> _Data provided_:
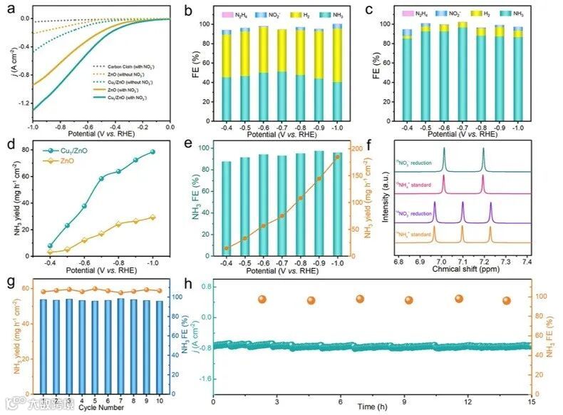 图2. NO3RR活性及催化稳定性
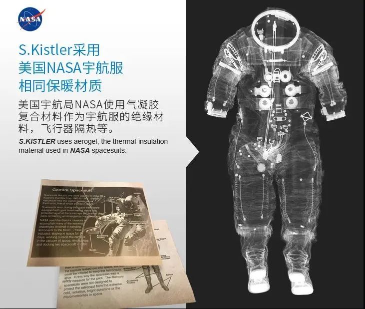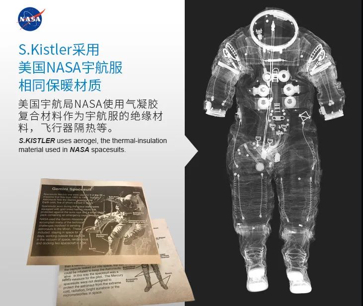 NASA就曾用气凝胶制备宇航员飞行隔热内里,帮助宇航员解决1400℃高温到-130℃超低温的多次往返难题。
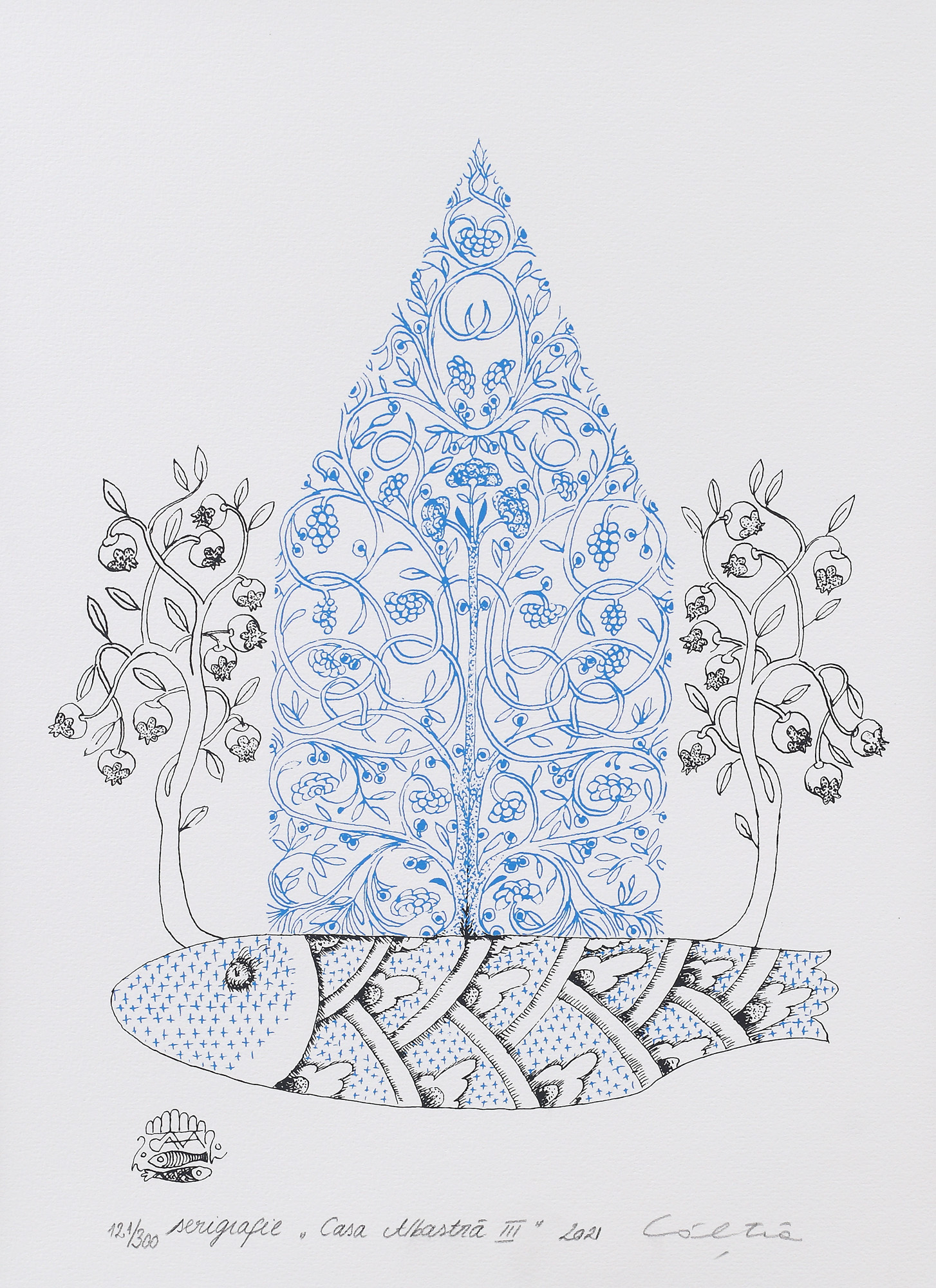 semnat, datat, intitulat, numerotat și notat central jos, în creion, "Șt. Câlția, 2021, Casa albastră III, 121/ 300, serigrafie"

> _Work order_:
Your task is to repeat the material above exactly, without its pictures.

> _Written response_:
 图2. NO3RR活性及催化稳定性
 NASA就曾用气凝胶制备宇航员飞行隔热内里,帮助宇航员解决1400℃高温到-130℃超低温的多次往返难题。
 semnat, datat, intitulat, numerotat și notat central jos, în creion, "Șt. Câlția, 2021, Casa albastră III, 121/ 300, serigrafie"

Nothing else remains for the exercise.